FOMC, Energy and Other Key Things to Watch This Week
Last week we received some disappointing news on the inflation front. Both PPI and CPI came in a little hotter than expected, and fears were stoked that inflation could be coming back. Up until Friday most names were up pretty well on the week. Tesla TSLA shot up out of the gate on Monday and had a very tradable week. Apple AAPL had the opposite issue this week, it has slowly trended down the majority of the week on continued fears of the China news and a disappointing iPhone 15 launch. All of these culminated in the S&P 500 SPY ending the week down nearly 1%.
This week looks to be an exciting one, in addition to the normal news in the cycle we also have the FOMC/Fed Funds and then the press conference that follows. Here are 5 things to watch this week in the market.
Housing is still firmly in the news cycle as the strangeness continues. In some private data released last week, existing home sales looked to be at record low levels whereas new homes were still selling as fast as they could be built. This, in addition to existing home sales later this week, will either confirm or counter what was asserted in that private data from Realtors. Watching building permits could be a great way to gauge if builders are racing to meet the excess demand in the market. If they are it could mean that housing prices will eventually begin to subside as supply continues to increase. If this comes in lower, then the opposite could be assumed and this housing issue could be here to stay.

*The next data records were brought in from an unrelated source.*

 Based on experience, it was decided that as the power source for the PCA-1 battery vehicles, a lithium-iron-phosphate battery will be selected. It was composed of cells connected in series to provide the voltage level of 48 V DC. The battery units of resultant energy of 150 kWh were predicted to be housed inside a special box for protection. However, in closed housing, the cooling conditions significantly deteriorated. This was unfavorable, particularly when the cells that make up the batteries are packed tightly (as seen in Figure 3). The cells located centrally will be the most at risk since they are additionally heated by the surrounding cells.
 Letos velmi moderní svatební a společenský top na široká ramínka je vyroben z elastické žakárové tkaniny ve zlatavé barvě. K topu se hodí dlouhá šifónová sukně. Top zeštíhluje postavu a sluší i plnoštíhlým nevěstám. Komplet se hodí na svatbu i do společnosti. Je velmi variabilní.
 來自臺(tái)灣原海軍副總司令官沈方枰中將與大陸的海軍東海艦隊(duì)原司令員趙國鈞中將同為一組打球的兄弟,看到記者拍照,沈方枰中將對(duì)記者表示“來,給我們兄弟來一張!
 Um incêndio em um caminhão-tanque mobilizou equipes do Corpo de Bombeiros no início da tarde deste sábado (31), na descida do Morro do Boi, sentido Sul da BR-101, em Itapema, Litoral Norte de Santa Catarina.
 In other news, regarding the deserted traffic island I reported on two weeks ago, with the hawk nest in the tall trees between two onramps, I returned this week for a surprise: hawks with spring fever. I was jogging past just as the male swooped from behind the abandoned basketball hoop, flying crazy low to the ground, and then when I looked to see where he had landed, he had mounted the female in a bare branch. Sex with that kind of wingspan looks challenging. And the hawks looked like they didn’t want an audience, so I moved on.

This is the big day everyone has been waiting for recently, with reports starting to show inflation is creeping back up and energy becoming an issue again going into the fall. What happens to the Fed Funds is anyone's guess. The market appears to be pricing in a “no change” decision, and this is what the estimates are across many financial outlets. With housing still an issue, energy starting to push inflation up again, and some other supply chain issues rearing their heads, it's possible Powell will hold firm and not take future hikes off the table. If this is the case, it's possible the market start to sell on renewed fears of hikes. On the other hand, if he pauses and or cuts, It's possible we rally on the assumption the worst is behind us.
Existing Home Sales
Similar to the Building Permits above, Existing home sales have been falling month over month and have been getting revised down in the most recent months. We are looking for an increase in existing home sales to help potentially show that housing is starting to unlock and that prices could start to come down.

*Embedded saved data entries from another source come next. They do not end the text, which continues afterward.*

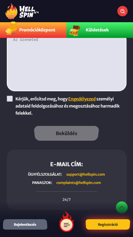 A leggyorsabb opció az élő chat, amely a nap 24 órájában elérhető, és általában pár percen belül válasz érkezik. Emellett e-mailen keresztül is fel lehet venni a kapcsolatot a support csapattal a support@hellspin.com címen, míg hivatalos panasz esetén a complaints@hellspin.com használható. A weboldalon egy kapcsolatfelvételi űrlap is elérhető, ami strukturáltabb megkeresésekhez hasznos.
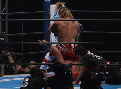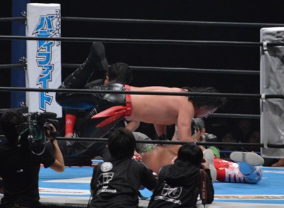 棚橋をエプロンに寝せてヒザ突き上げ、エプロンを走ってニードロップ(右写真)、これは棚橋かわす。
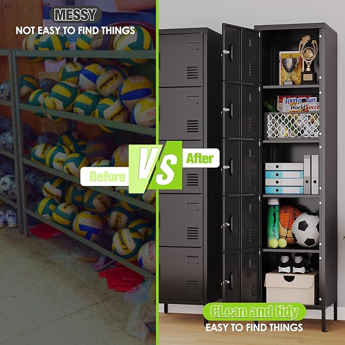 - Sleek Black Aesthetic:This 5 door metal storage locker in a stylish black color not only offers secure storage but also adds a modern touch to any home, office, or gym environment. With dimensions of 66.18"H×15.75"W×15.75"D, it provides ample space without taking up too much floor area.
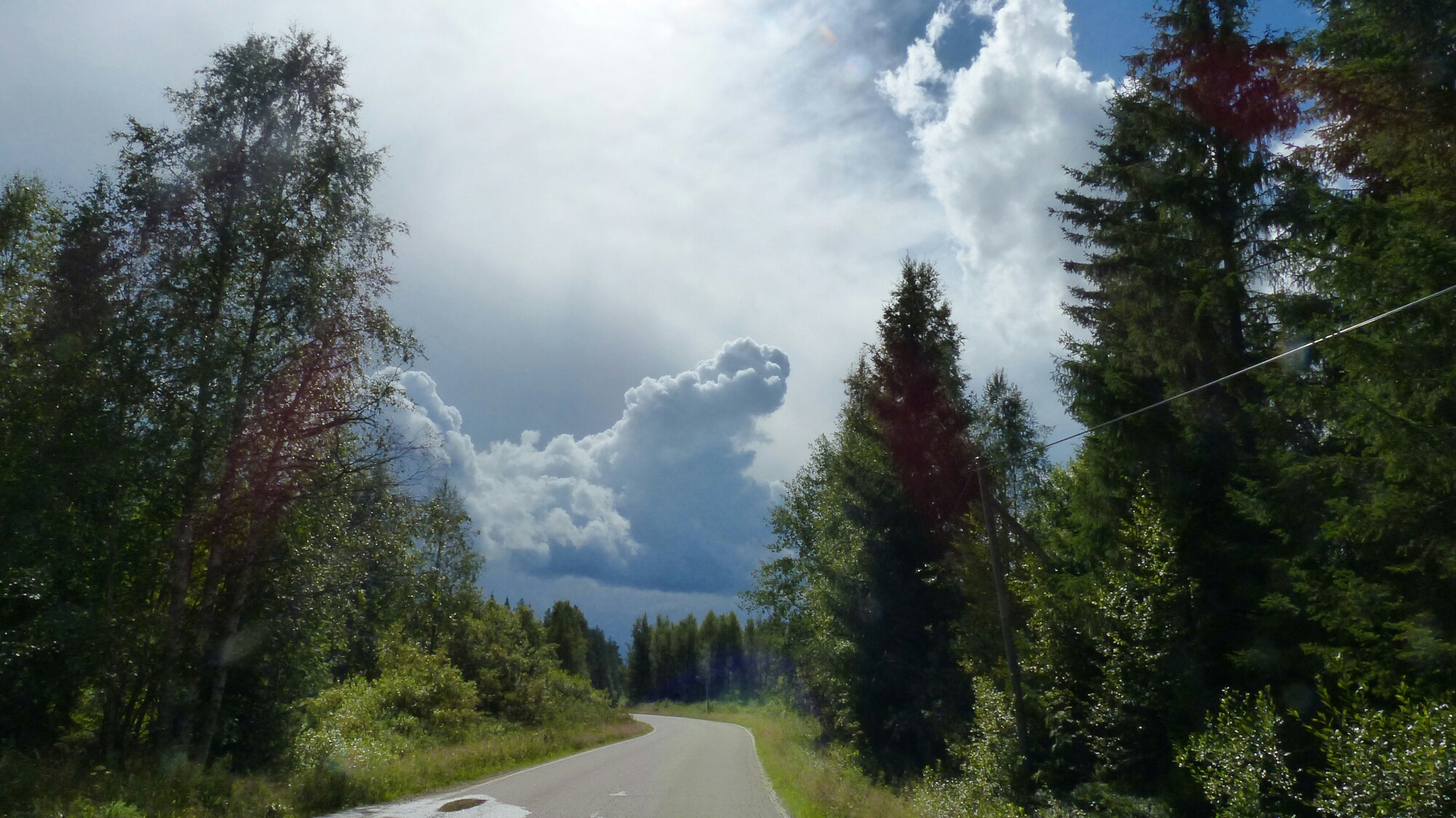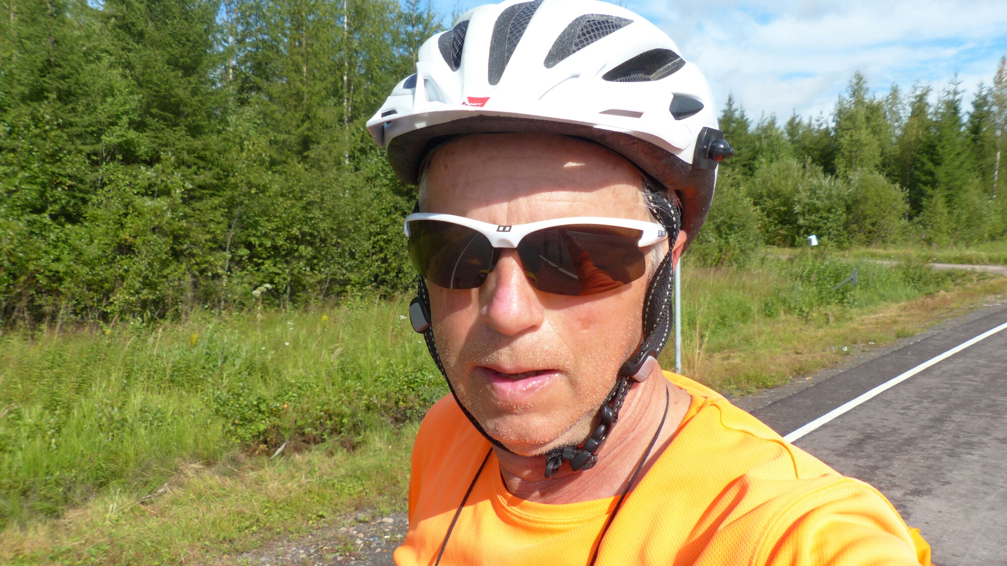 Die andere Herausforderung … ich war nach 1520 km mit nur einem Tag Pause erschöpft. Das zeigte sich darin, dass ich meine eben erst in Oulo bei Intersport erstandene 30 € teure Superluxussonnenbrille (die erste hatte ich bereits am Samstag im Wald beim Sch … liegen gelassen) verdödelt hatte (und ich merke sowas immer erst x km später), und darin, dass ich immer wieder aufziehende gewittrig drohende schwarze Wolken, mit böigem Gegenwind begleitet, nicht als sportliche Herausforderung empfinden konnte, sondern immer wieder schreckhaft nach Unterschlüpfen in Form offener Scheunen Ausschau hielt. Somit habe ich dann wenig Toleranz der Tatsache gegenüber, dass sich google maps bei Entfernungen meistens um 10% nach unten verrechnet, und es dann statt 88 nun 96 km wurden. Ich konnte nicht mehr, und dass das zur Hälfte eine reine Mind-Sache ist, war mir auch klar. Ich habe ja Zeit. Nur noch 520 km bis Helsinki, plus 10% – müsste selbst bei Gegenwind in einer Woche zu schaffen sein. Selbst wenn bei ländlichen Landstrassen 3.Ordnung der Teerbelag abrupt aufhört und in eine schottrige Lehmoberfläche mündet, die zwar gut zu befahren ist, aber den Reifenwiederstand erhöht …

Both Flash Manufacturing and Services PMI are due Friday morning at 9:45. These are typically leading indicators for economic health as they show the impact on forecasted purchasing for both sectors. Usually, a beat would be a positive and would be something we would want to see. As of recently though the “good news is Bad News” seems to be the market paradigm. So it's possible that a miss would be seen as beneficial for the markets as everything seems to still be revolving around interest rates. It's also possible that FOMC impacts how this report is taken by the markets. If a pause or cut is anticipated next, it could help the market to start to look at these reports “normally” again.
Energy is still in the news and could still be a factor in the markets. This poses more of a macro risk, but as diesel and gas prices continue to rise so will the prices of the goods that need to be transported. It's possible that this fear continues to play into both rate decisions and consumer habits as the prices at the pump continue to increase.
On the date of publication, Gavin McMaster did not have (either directly or indirectly) positions in any of the securities mentioned in this article. All information and data in this article is solely for informational purposes.